• _Instructions for the task_
Leaving out all pictures, reproduce the entries below exactly, from the first line through the line that contains "기술은 점차 인간 중심화되어".

• _Input data_

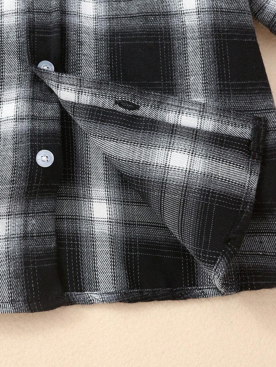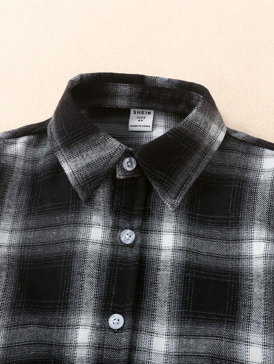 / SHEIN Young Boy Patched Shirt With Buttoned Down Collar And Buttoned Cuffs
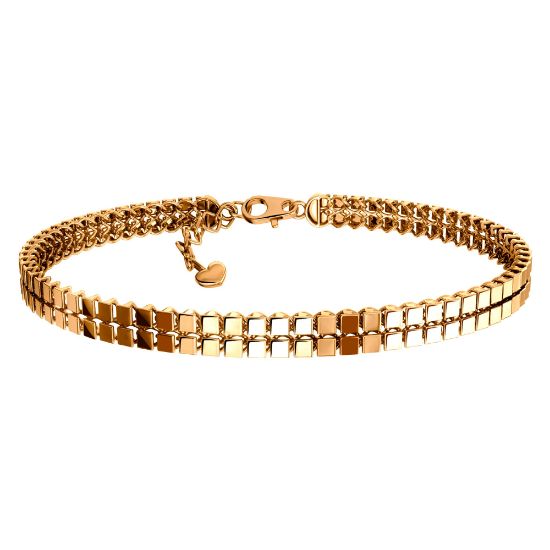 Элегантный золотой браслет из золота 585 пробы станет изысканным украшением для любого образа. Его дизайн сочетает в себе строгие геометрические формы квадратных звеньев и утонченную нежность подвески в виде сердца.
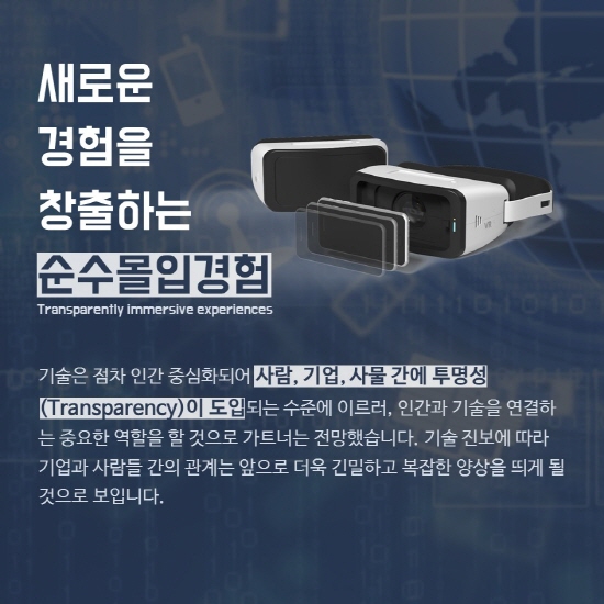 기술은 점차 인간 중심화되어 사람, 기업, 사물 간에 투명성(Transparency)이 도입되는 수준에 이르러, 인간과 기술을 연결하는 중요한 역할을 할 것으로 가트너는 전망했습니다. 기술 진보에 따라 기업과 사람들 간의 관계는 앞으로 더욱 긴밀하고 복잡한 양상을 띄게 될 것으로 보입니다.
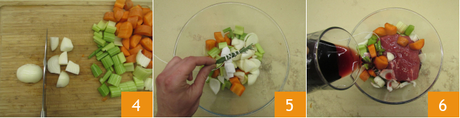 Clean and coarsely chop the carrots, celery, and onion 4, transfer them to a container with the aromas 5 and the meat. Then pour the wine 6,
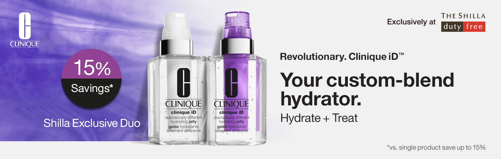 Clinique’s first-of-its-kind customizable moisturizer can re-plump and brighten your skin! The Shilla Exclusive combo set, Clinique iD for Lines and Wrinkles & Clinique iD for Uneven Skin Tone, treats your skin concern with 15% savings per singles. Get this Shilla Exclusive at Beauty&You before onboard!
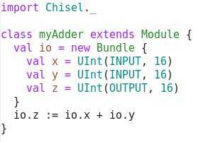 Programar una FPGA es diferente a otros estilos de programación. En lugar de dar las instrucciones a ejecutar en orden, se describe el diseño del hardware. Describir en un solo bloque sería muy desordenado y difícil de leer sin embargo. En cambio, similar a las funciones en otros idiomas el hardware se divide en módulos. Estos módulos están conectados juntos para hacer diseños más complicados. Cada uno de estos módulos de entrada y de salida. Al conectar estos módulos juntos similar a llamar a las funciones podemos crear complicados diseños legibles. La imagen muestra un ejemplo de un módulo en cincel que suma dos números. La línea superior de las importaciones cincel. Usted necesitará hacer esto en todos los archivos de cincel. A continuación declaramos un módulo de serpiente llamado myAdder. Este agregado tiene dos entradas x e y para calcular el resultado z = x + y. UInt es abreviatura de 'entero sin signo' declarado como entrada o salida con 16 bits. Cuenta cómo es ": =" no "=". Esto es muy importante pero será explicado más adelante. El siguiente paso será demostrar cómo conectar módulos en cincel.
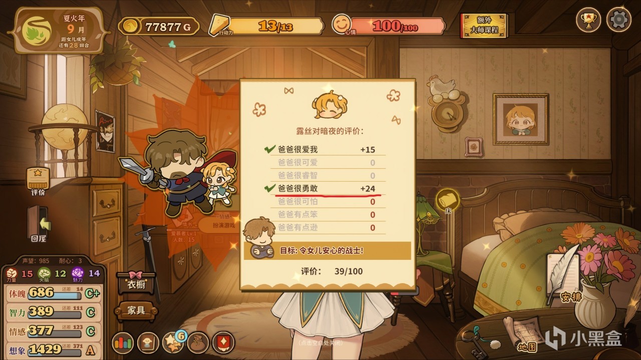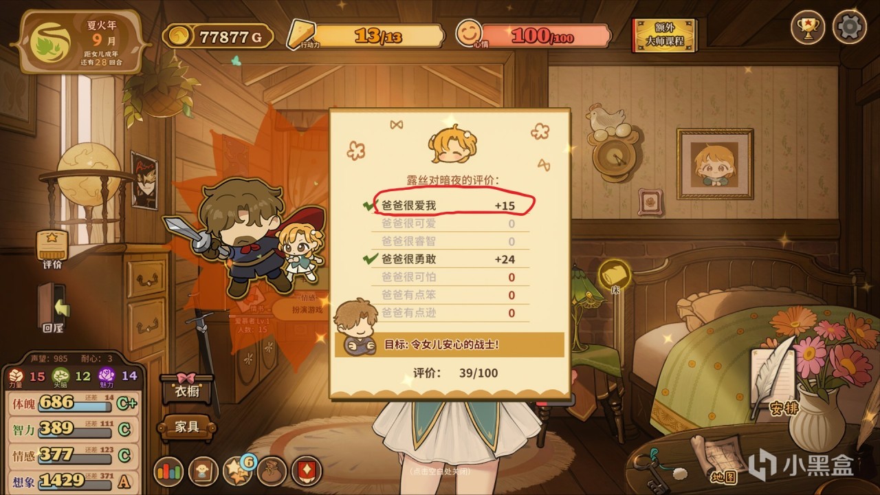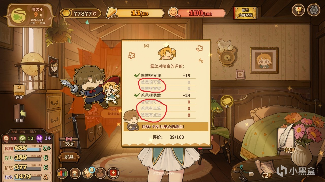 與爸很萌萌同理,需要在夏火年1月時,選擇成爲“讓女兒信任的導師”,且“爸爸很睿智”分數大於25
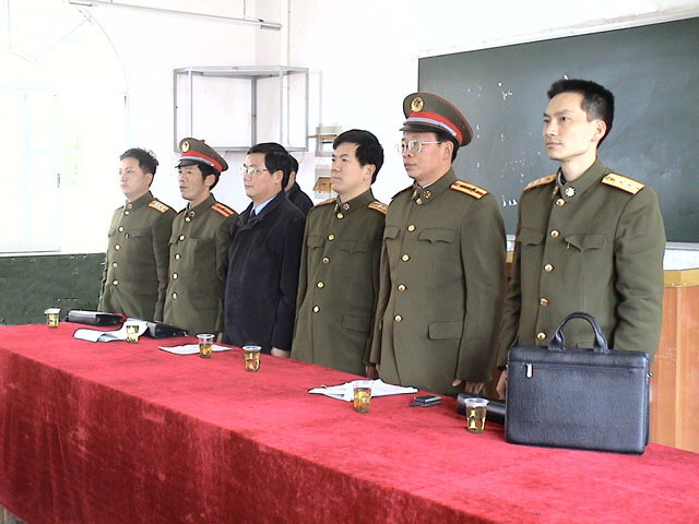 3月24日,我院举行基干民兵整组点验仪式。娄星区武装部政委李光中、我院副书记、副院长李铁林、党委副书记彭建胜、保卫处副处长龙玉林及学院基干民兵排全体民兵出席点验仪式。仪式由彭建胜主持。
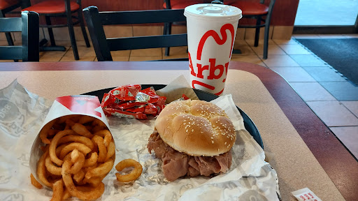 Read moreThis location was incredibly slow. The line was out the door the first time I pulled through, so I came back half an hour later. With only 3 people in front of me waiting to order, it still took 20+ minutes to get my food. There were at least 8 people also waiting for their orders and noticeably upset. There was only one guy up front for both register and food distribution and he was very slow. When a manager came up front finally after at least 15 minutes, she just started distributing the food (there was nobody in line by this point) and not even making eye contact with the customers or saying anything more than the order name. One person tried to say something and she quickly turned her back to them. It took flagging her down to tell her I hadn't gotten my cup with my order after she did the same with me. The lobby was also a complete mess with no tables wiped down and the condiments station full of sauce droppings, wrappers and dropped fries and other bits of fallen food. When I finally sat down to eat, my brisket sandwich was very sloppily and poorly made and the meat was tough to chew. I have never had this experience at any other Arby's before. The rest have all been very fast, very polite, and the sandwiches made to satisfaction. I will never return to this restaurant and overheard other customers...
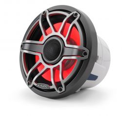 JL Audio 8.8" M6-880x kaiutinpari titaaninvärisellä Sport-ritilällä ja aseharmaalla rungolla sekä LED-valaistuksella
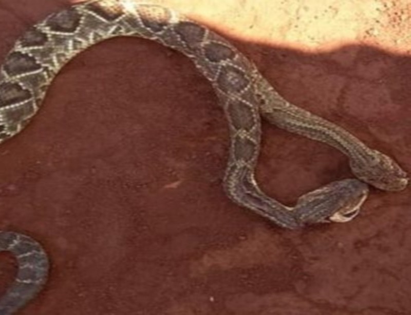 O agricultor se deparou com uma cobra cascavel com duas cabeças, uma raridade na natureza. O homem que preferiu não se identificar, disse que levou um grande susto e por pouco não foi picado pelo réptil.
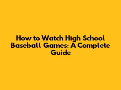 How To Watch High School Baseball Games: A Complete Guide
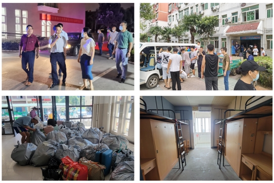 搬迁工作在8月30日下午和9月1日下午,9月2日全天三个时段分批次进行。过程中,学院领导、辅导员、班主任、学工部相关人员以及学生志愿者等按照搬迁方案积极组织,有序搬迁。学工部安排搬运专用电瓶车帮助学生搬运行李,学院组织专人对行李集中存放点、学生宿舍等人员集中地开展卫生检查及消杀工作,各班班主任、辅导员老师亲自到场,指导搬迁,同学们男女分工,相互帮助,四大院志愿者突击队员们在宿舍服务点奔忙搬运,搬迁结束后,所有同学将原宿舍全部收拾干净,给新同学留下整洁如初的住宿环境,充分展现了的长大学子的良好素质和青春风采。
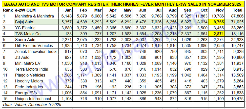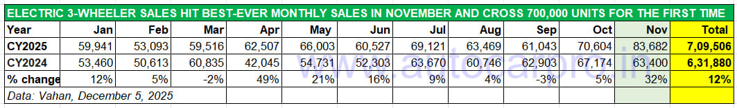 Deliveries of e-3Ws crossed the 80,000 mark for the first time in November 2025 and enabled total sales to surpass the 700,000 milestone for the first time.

• _Response to this task_
 / SHEIN Young Boy Patched Shirt With Buttoned Down Collar And Buttoned Cuffs
 Элегантный золотой браслет из золота 585 пробы станет изысканным украшением для любого образа. Его дизайн сочетает в себе строгие геометрические формы квадратных звеньев и утонченную нежность подвески в виде сердца.
 기술은 점차 인간 중심화되어 사람, 기업, 사물 간에 투명성(Transparency)이 도입되는 수준에 이르러, 인간과 기술을 연결하는 중요한 역할을 할 것으로 가트너는 전망했습니다. 기술 진보에 따라 기업과 사람들 간의 관계는 앞으로 더욱 긴밀하고 복잡한 양상을 띄게 될 것으로 보입니다.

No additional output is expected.